The way I understand Fluent Domain Specific Languages I am able to use method chaining to have a conversation with the code. For example, if the business requirement is to call the database in order to “Get all customers with InActive accounts” I could use:
Customers().WithInActiveAccount()
Customers has millions of rows. Pulling all customers into memory is not efficient when I only need a subset of customers (and maybe not even possible given memory constraints). I suspect ORM’s solve this problem by treating code as data, lazy-loading and building a complete query based off the entire expression. So the final query may be
SELECT * CUSTOMERS WHERE InActive = true
IME, when dealing with highly normalized tables ORM’s produce inefficient DB queries. Rolling yet another custom ORM to solve such an issue feels like a death march waiting to happen. And stored procedures written by a DB professional are going to be efficient.
In this simple case I can simply change customers to an object:
Customers.WithInactiveAccount()
What if I need to do something more complex?
Customers.WithInactiveAccount().BornAfter(October 1, 1990)
How do I efficiently build up queries as I build more advanced expressions that potentially draw in other entities? This is a question I’m sure every ORM asks themselves right in the early stages of development. Do I have to limit myself to “dumb queries” to maintain performance? If this a technique that exists?
These are the types of questions I find myself getting from developers like me that have experienced across the board performance problems with ORM’s in the big data world.
So when dealing with these types of normalized Databases is a fluent DSL a practical option? (I’m assuming a fluent DSL for DB access requires an underlying ORM to function)
7
First, let’s clarify terms a little…
The term DSL is enormously wide. SQL, HTML, LOGO, Mathematica, are all DSLs. You are talking about referring querying your data model according to its actual structure in a strongly typed manner.
Fluent means method chaining so your source looks more like English and less like a programming language. like so: Noun().Adjective().Verb().Adverb()

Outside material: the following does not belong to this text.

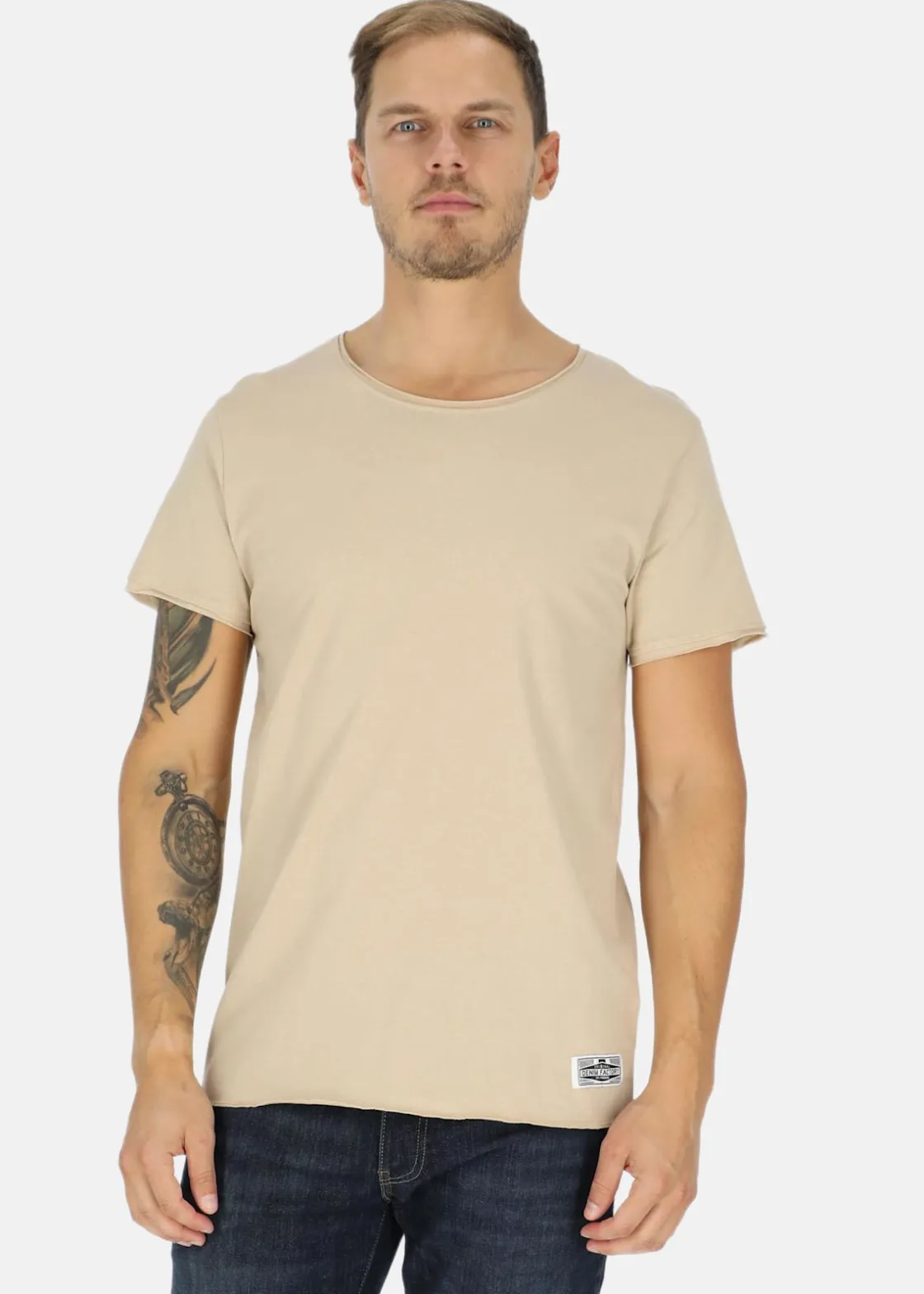 T-shirt med en unik rå kant, vilket ger den en trendig och lätt slitstark känsla. Med sin normala passform passar TDF Tee perfekt till alla typer av tillfällen, vare sig det är till vardags eller till en kväll ute. Denna kvalitetst-shirt är ett måste i varje garderob, en klassisk bas som kan matchas enkelt med alla stilar. Skäm bort dig själv med Denim Factorys klassiska t-shirt.

. This is not the only or even the best way to form queries.
Big-Data usually refers to data that can not be efficiently stored and queried using RDBMS. This means Big-data and “normalized” are mostly mutually exclusive.
Now regarding your question. First of all I’m answering based on my experiance of several years you using C#, F#, some C++, and some Java, NHibernate, MS-SQL, PostgreSQL, and some MongoDB, and some Hadoop, mostly on pretty big data-sets.
-
“Fluent” is a bad idea. It’s usually harder to write, and tends to be misleading to the reader. it’s also a lot less “discoverable” you need to learn an entire vocabulary to use and understand a given “fluent” API.
-
Using an ORM (NHibernate, Hibernate, Entity Framework), is better than manipulating data by yourself. This is not always true, and you should always test, optimize, and understand what your ORM is doing and why. This involves a pretty significant learning curve, you need to understand your ORM, you need to understand how to create a correct mapping, and how to control the way queries are generated. On the other hand if you know what you are doing about ~98% of the time using an ORM is the fastest way to create the best and most performant solutions, with the least effort. ~2% of the time you end up going to the DBA, you write a stored procedure or some SQL, and you use it from within the ORM…
-
You should have a proper DAL layer, handling data manipulation. Using an ORM doesn’t remove the need to build DAL.
-
Writing queries and manipulating data in your programming language, in a strongly typed way is a great idea. It’s fast, verified by the compiler, and very convenient. C# has a special feature called LINQ that enables querying various data sources, these include: C#’s collections, XML, RDBMSes, ODATA sources, many other structured, non structured, real big-data (MongoDB, Cassandra(?), Hadoop), and ORMs such as NHibernate and Entity Framework. HibernateNHibernate also have a “Fluent” quarry language called Criteria, and a special non-strongly typed (strings) language called HQL. NHibernate’s Linq provider also has some limitations. Usually the strongly typed options are preferable, but still it’s very important to understand them thoroughly.
-
You seem to not “believe” in ORMs… I think this comes from not being familiar, and lacking experience of working with them. I assure you all of the questions you are asking have been considered, and addressed, by some of the best developers in the industry.
5